Initial settlement placement is such that you start with one village by the wall (which you are responsible for maintaining) and two others. Being last in the initial selection of wall village didn’t put me at too much at a disadvantage – and with my subsequent 2 villages are targeted Wheat & Corn acquisition – with the view of working towards getting village upgrade as quickly as possible – basically I felt the board was going to be a bit crowded and there would be difficulty in building roads and creating new towns. Unfortunately the bi-product of the strategy was that I only produced Brick on a roll of a 12 (Which I don’t think came up all game) which meant I had to scrounge around via trading to get the brick required for the first 2 wall upgrades and the few roads I did purchase (and eventually one new village).

My first priority was however was to get a least one sections of wall up before any Huns appeared – this seemed eminently sensible as I felt getting negative VPs because of a wall breach (let alone any lost production sites) would effectively make things even harder. It was noticeable the Steve seemed to take the other view and seemed willing to take any chance wall breaches on the chin – I guess in the belief that statistically it should not happen too often and that he would produce more stuff than the rest of us therefore allowing him to build more Towns/Upgrades/Cards/Roads and therefore over come any unlucky Hun chits pull and activation dice rolls. Unfortunately his wall sections was at the eastern end of the Great Wall and there are more Hun chits to be pulled from the bag for that area, plus the 8 roll required to activate them seemed to have a lot more than statistics would suggest. For a while he had no wall section at all on the Huns came in as if he had left the garden gate open (I think he picked a total of 4 negative points).

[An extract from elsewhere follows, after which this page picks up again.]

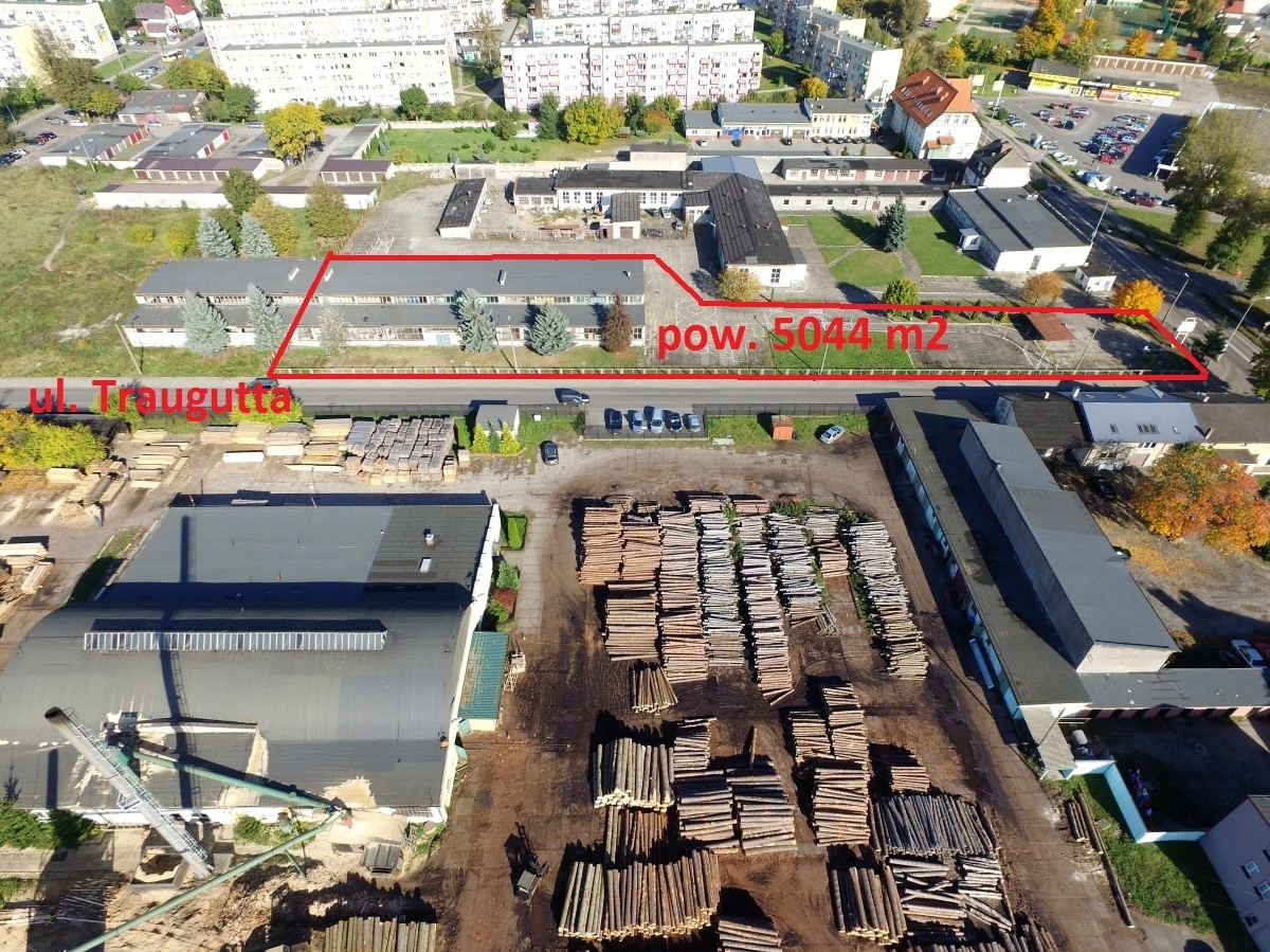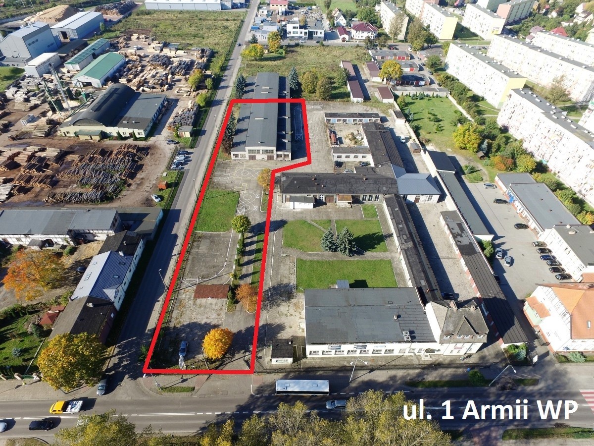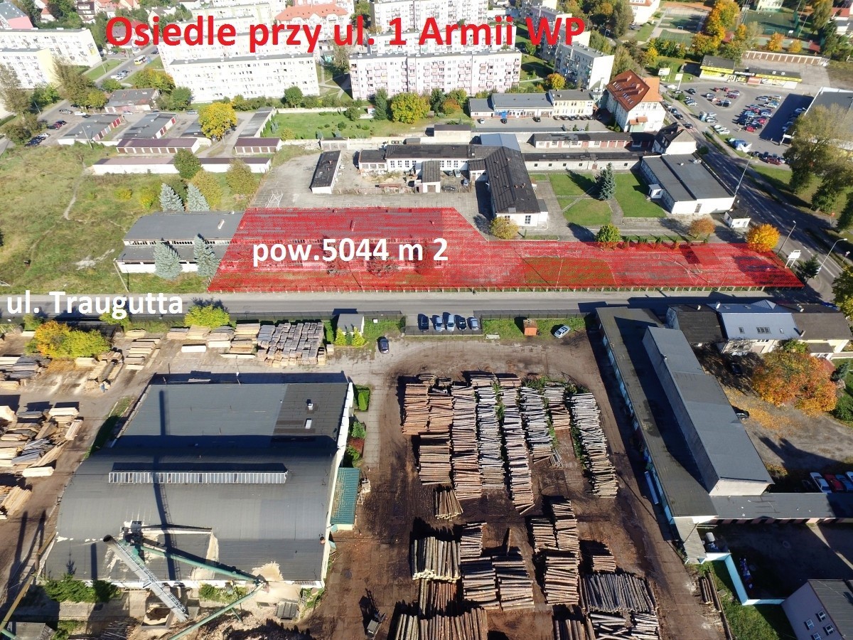 Działka zabudowana położona przy ulicy Traugutta oraz I Armii Wojska Polskiego w pobliżu centrum miasta. Na terenie nieruchomości posadowiony jest budynek hali warsztatowej o powierzchni 1370 m2. Działka częściowo ogrodzona wraz z utwardzonym terenem pod parking oraz plac manewrowy dla samochodów ciężarowych. Teren płaski. Dojazd do nieruchomości od ulicy I Armii Wojska Polskiego. Uzbrojenie terenu: wodociąg, kanalizacja, energia elektryczna, ciepłociąg.

As once 7 walls breaches have occurred all players lose the game as China has become overrun, the morality of whether a players should deliberately seek to have 7 walls breaches so as to the deny the other player the win came up. It does remind me of a similar thing in the Avalon Hill Game ‘Republic of Rome’, whereby players can deliberately let the republic fall if another is about to win. My view, assuming you take the historical context, is that it is in your interest for China (or Rome) to survive even if you are not the pre-eminent power. ( Do you really think John Kerry is going to help al-Qaeda overthrow the United States of America just because George won the elections?).

With the board being crowded and hadn’t really been to bothered about the expansion of the other players, I was pretty certain my western village/city had access to build another 2 towns in the nearby mountains, so I concentrated on just upgrading those initial 3 ( and eventually 4 villages that I had ). A miscalculation on where I could build be 5th settlement however (I though I could build it by the western board 3:1 port hex until it was pointed out to be it was not a valid build location) meant that I was going to restricted to 8 settlement site and therefore only 8 points.

All this was rather galling as I had successfully upgraded my part of the wall to level 5 (the only player to do so) leaving my self immune to getting negative points for breaches. I had a vast hand full of cards (As Colins Picture shows) but I was unable to build anything (Except for cards – and they only gave me more knights- and Garry easily had the majority here) that might give me more points. In the end I think the only player that could get to 10 points was Natalie (who by virtue of having built the longest road had plenty of city sites to upgrade) – so we just let her get on with so that the game could finish.

However I think it was a good game with a well-deserved win for Natalie.